§ Information given
Content starts
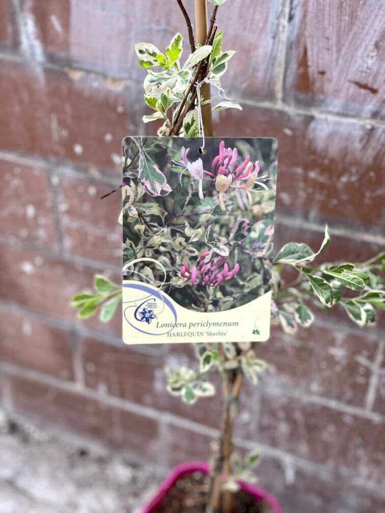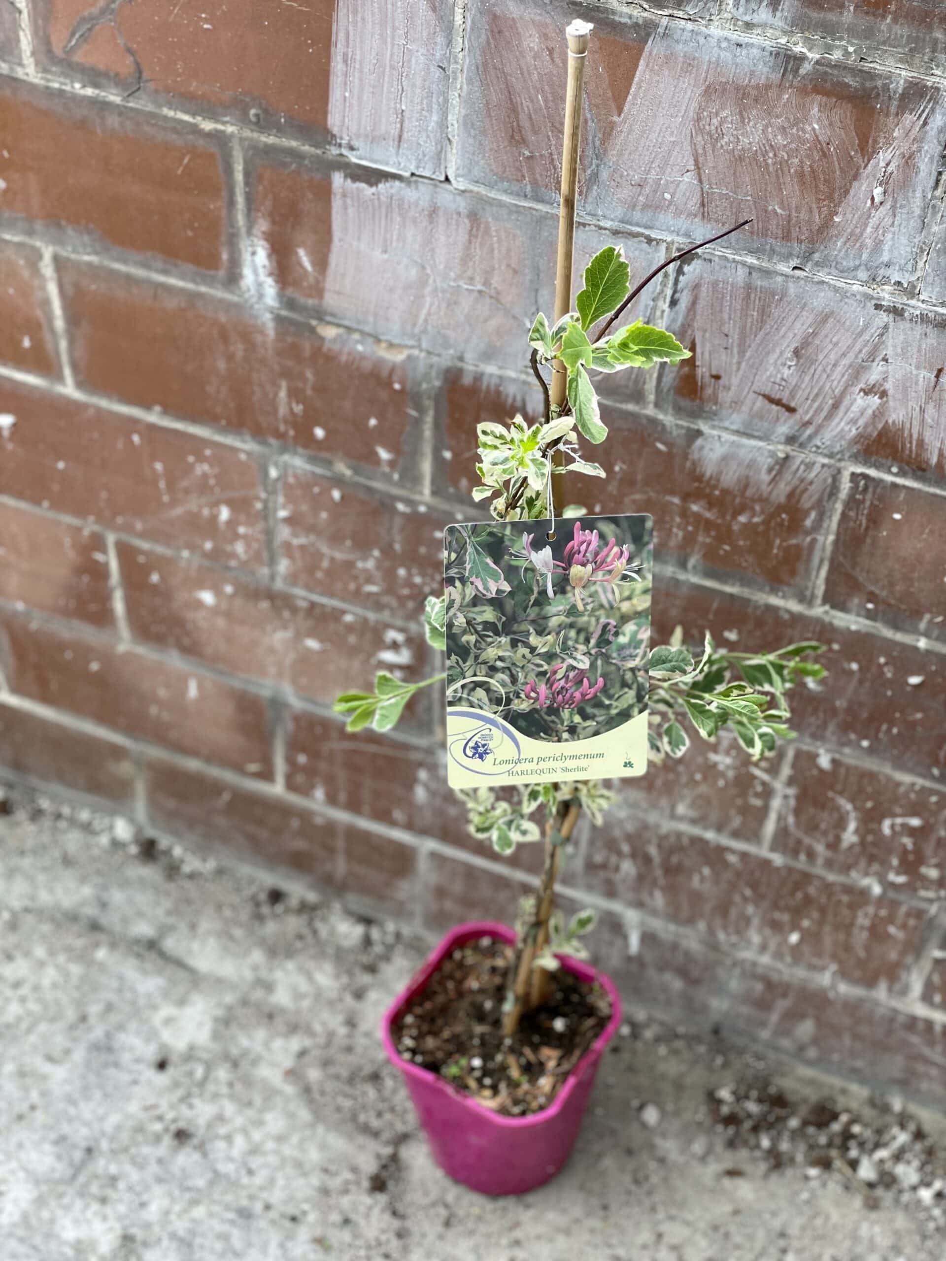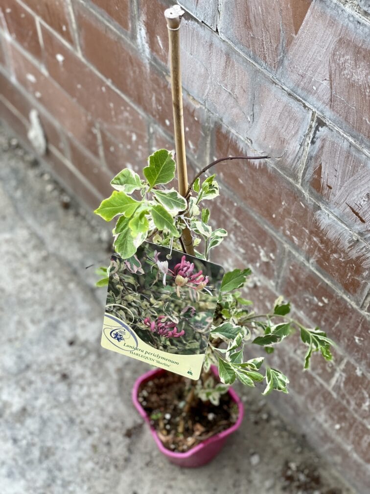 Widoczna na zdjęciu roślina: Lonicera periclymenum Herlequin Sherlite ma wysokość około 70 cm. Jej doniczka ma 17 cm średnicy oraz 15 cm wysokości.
Content ends
Content starts
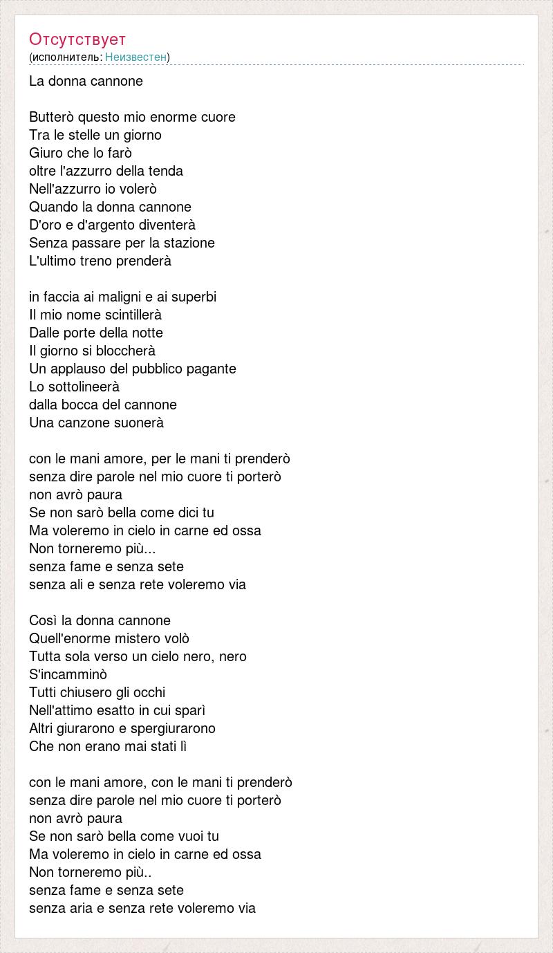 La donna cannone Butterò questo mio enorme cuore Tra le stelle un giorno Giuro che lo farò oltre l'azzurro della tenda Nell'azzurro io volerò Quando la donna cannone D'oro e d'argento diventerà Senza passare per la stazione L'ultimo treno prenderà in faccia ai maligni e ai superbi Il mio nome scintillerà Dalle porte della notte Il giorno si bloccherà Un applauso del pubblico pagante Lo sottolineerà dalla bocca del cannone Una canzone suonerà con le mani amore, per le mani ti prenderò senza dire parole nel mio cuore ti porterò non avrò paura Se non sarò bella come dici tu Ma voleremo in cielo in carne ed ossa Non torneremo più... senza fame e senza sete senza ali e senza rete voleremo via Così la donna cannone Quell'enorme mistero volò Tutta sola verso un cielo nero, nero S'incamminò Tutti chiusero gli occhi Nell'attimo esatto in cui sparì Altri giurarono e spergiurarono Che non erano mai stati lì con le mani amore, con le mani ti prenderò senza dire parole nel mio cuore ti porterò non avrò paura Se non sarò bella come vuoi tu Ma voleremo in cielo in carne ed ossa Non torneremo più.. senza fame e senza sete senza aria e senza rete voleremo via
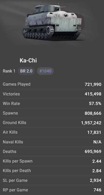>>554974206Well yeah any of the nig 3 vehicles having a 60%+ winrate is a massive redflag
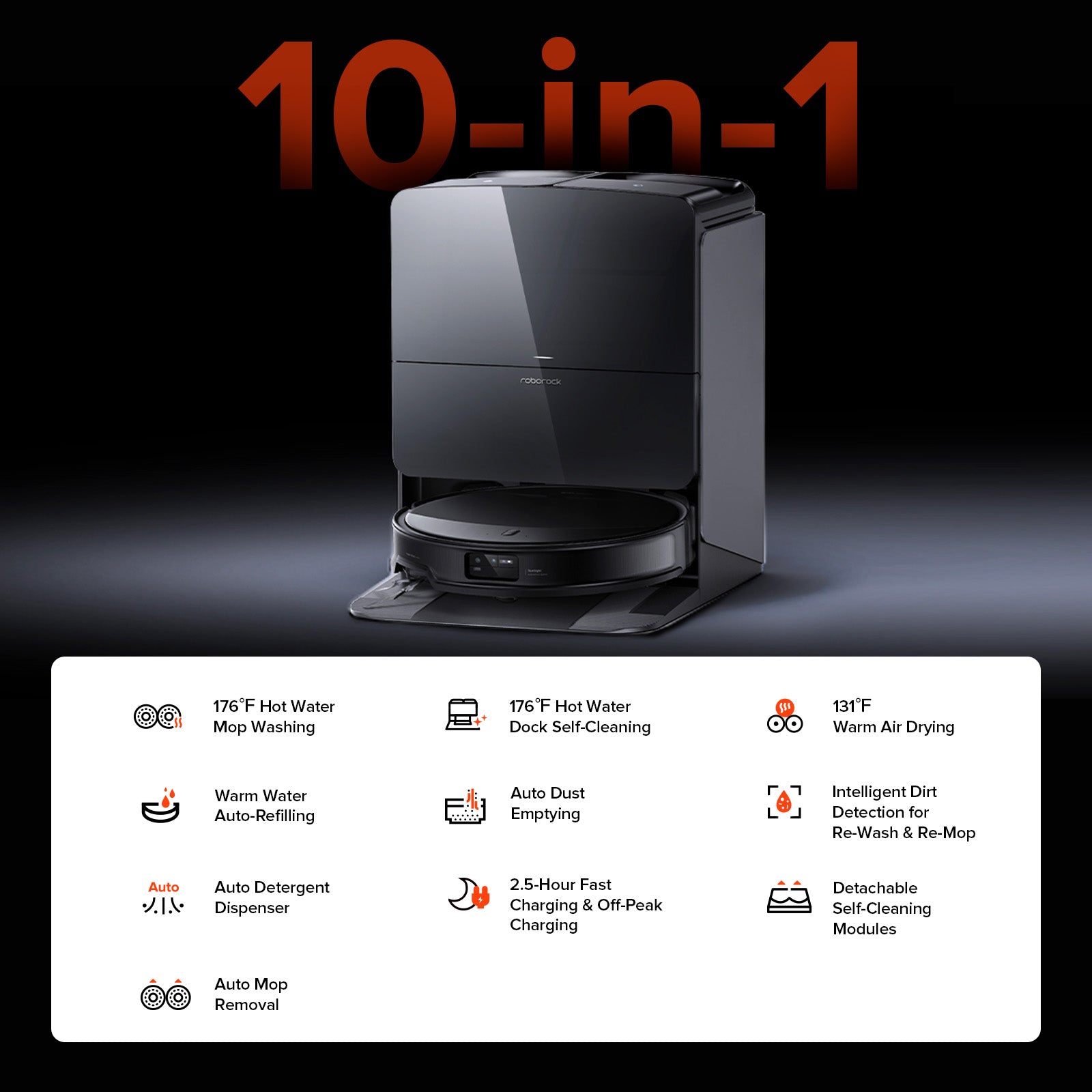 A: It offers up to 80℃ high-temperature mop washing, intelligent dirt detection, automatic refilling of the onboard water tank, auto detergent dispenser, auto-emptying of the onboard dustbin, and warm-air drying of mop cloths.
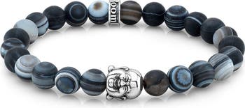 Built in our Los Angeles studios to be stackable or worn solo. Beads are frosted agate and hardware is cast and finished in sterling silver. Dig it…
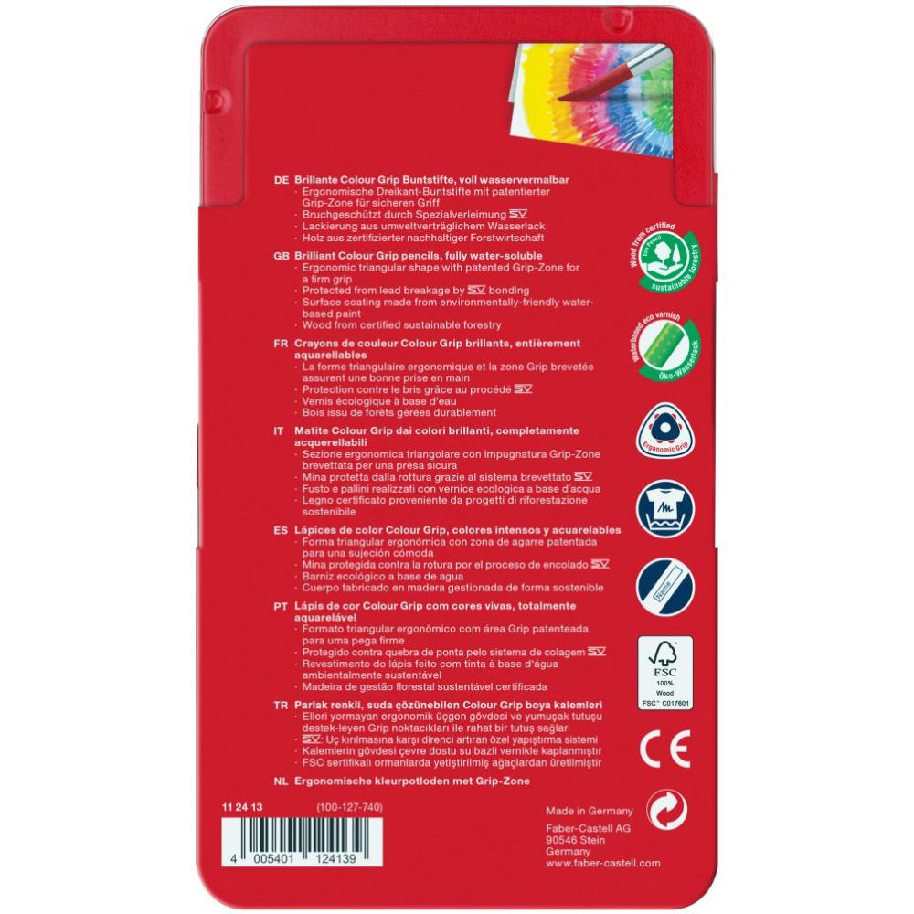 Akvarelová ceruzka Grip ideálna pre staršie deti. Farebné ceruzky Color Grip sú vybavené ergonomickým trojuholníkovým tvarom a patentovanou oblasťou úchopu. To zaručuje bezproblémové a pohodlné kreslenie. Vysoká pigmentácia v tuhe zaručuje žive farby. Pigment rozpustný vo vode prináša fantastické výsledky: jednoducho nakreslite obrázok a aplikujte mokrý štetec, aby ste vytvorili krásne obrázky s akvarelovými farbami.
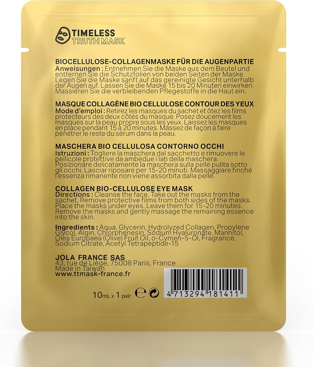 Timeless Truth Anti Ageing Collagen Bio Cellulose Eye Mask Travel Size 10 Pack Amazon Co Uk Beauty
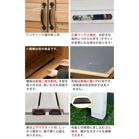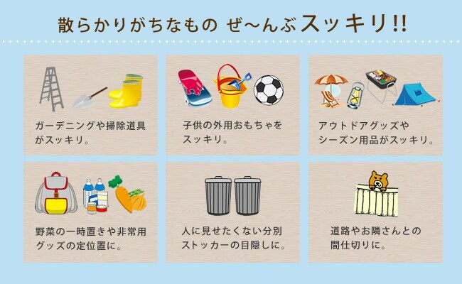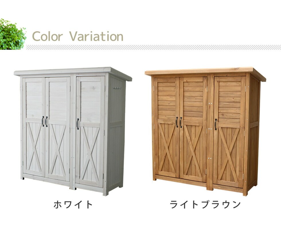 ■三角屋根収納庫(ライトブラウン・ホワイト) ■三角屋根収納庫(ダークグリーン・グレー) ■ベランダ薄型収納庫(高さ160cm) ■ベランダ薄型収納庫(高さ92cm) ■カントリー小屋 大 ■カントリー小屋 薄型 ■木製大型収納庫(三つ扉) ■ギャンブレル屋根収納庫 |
Content ends
Content starts
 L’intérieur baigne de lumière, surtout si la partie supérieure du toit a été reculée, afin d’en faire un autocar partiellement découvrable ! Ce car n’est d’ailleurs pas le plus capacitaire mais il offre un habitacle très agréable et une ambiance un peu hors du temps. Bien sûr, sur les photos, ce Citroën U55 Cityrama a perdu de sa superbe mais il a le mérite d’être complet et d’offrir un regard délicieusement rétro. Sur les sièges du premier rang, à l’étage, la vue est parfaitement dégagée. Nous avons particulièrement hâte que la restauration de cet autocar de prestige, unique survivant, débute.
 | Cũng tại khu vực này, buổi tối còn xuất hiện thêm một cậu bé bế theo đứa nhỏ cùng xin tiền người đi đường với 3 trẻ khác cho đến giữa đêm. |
Content ends
§ Goal of the exercise
Once the line with "A: It offers" is found above, print it and every line after it through the line with "Akvarelová ceruzka Grip", exactly. Pictures stay out.

§ Exercise answer
 A: It offers up to 80℃ high-temperature mop washing, intelligent dirt detection, automatic refilling of the onboard water tank, auto detergent dispenser, auto-emptying of the onboard dustbin, and warm-air drying of mop cloths.
 Built in our Los Angeles studios to be stackable or worn solo. Beads are frosted agate and hardware is cast and finished in sterling silver. Dig it…
 Akvarelová ceruzka Grip ideálna pre staršie deti. Farebné ceruzky Color Grip sú vybavené ergonomickým trojuholníkovým tvarom a patentovanou oblasťou úchopu. To zaručuje bezproblémové a pohodlné kreslenie. Vysoká pigmentácia v tuhe zaručuje žive farby. Pigment rozpustný vo vode prináša fantastické výsledky: jednoducho nakreslite obrázok a aplikujte mokrý štetec, aby ste vytvorili krásne obrázky s akvarelovými farbami.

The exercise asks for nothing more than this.